* _DATA_:
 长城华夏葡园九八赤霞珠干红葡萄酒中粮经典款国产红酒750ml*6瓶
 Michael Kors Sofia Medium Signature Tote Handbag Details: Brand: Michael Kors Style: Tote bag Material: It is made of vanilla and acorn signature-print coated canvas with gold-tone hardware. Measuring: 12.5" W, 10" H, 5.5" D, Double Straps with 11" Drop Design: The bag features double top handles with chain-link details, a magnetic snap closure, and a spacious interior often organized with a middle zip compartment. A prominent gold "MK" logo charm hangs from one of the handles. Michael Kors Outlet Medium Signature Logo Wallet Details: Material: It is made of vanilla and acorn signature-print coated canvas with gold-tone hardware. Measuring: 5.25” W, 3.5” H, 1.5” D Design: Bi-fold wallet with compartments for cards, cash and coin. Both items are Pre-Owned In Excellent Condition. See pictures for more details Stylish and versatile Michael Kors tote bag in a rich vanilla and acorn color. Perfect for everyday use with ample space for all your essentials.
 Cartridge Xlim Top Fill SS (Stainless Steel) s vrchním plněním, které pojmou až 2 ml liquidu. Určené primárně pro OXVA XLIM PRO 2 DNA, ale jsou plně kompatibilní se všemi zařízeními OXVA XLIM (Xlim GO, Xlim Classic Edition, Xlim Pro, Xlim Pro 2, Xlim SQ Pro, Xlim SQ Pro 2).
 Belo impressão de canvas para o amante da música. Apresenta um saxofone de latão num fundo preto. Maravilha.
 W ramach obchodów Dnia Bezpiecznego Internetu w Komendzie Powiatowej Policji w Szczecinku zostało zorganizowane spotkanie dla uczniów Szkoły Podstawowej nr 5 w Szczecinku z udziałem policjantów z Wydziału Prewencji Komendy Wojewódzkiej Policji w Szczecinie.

==

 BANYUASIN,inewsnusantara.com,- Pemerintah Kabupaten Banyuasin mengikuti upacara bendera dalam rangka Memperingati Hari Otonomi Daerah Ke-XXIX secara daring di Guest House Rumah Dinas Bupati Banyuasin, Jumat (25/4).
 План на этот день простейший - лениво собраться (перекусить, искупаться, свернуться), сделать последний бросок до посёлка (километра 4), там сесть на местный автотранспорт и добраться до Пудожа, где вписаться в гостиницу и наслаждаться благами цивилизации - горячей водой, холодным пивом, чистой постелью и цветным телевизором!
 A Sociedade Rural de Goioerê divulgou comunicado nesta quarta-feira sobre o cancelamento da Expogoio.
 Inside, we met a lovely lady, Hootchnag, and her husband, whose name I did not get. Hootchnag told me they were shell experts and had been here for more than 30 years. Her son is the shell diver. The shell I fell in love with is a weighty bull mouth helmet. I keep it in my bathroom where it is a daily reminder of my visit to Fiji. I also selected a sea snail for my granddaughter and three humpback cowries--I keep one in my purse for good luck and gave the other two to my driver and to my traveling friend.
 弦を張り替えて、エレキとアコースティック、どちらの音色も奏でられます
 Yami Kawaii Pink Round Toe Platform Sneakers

==

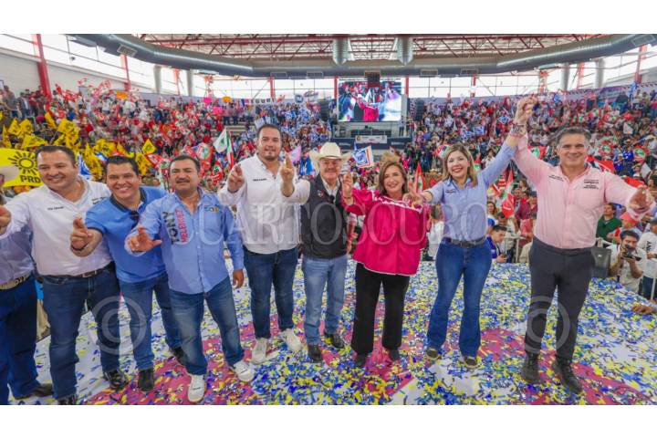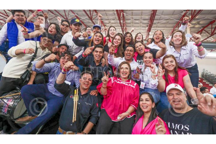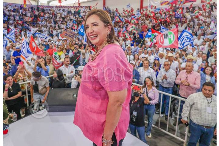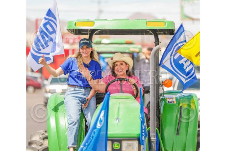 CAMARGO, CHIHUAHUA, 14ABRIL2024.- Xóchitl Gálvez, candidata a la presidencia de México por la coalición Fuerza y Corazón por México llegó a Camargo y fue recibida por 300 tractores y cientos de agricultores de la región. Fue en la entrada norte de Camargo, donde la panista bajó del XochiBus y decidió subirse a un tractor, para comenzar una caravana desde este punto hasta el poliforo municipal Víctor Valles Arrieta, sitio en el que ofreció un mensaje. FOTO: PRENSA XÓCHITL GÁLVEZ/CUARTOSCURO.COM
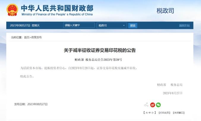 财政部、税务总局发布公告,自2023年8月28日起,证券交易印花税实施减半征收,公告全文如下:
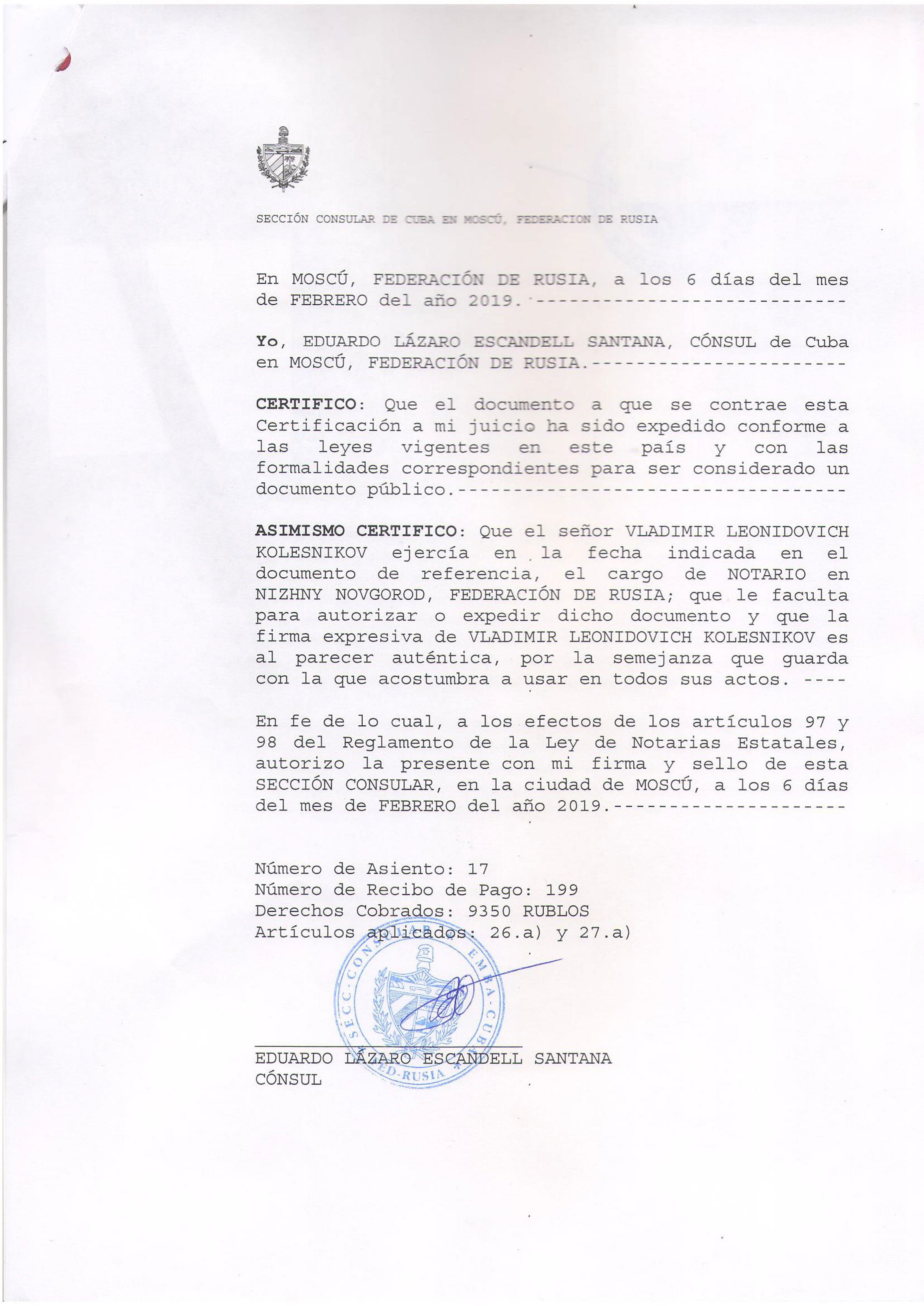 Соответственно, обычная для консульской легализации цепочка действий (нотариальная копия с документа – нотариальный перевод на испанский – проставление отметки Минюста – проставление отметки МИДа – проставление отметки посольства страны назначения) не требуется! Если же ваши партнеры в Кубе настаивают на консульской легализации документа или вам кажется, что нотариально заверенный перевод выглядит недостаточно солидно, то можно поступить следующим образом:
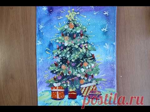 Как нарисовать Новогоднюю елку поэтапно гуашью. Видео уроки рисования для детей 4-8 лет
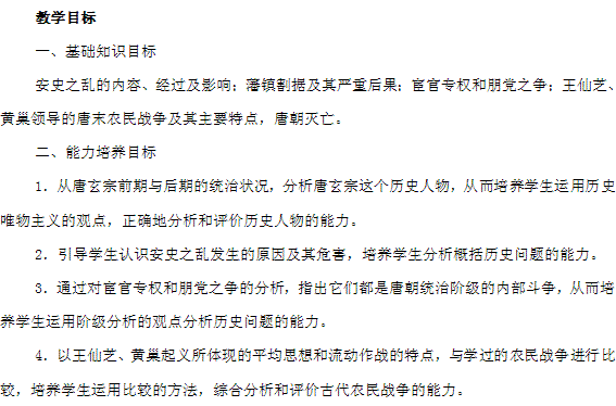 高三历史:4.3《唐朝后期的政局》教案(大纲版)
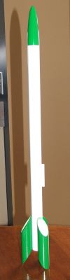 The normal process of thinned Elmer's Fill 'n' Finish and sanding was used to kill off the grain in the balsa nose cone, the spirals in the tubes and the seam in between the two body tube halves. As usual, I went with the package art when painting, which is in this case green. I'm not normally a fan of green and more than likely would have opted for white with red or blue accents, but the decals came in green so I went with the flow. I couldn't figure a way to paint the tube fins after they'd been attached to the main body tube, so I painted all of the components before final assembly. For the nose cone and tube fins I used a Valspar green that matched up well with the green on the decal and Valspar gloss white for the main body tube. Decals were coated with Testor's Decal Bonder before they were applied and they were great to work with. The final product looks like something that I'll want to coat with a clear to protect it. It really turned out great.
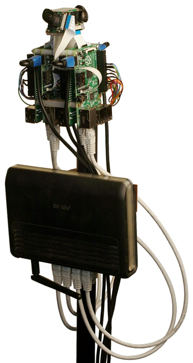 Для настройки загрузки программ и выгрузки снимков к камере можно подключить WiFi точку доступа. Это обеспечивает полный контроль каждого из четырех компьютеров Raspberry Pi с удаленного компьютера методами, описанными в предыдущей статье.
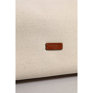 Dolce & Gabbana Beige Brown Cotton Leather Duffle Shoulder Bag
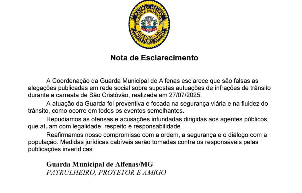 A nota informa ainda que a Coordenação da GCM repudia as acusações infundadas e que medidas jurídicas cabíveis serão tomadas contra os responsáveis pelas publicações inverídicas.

* _TASK_:
For this exercise, return exactly the lines above from the line with "Соответственно, обычная для" through the line with "The normal process", both included. Do not copy the pictures.

* _YOUR SOLUTION_:
 Соответственно, обычная для консульской легализации цепочка действий (нотариальная копия с документа – нотариальный перевод на испанский – проставление отметки Минюста – проставление отметки МИДа – проставление отметки посольства страны назначения) не требуется! Если же ваши партнеры в Кубе настаивают на консульской легализации документа или вам кажется, что нотариально заверенный перевод выглядит недостаточно солидно, то можно поступить следующим образом:
 Как нарисовать Новогоднюю елку поэтапно гуашью. Видео уроки рисования для детей 4-8 лет
 高三历史:4.3《唐朝后期的政局》教案(大纲版)
 The normal process of thinned Elmer's Fill 'n' Finish and sanding was used to kill off the grain in the balsa nose cone, the spirals in the tubes and the seam in between the two body tube halves. As usual, I went with the package art when painting, which is in this case green. I'm not normally a fan of green and more than likely would have opted for white with red or blue accents, but the decals came in green so I went with the flow. I couldn't figure a way to paint the tube fins after they'd been attached to the main body tube, so I painted all of the components before final assembly. For the nose cone and tube fins I used a Valspar green that matched up well with the green on the decal and Valspar gloss white for the main body tube. Decals were coated with Testor's Decal Bonder before they were applied and they were great to work with. The final product looks like something that I'll want to coat with a clear to protect it. It really turned out great.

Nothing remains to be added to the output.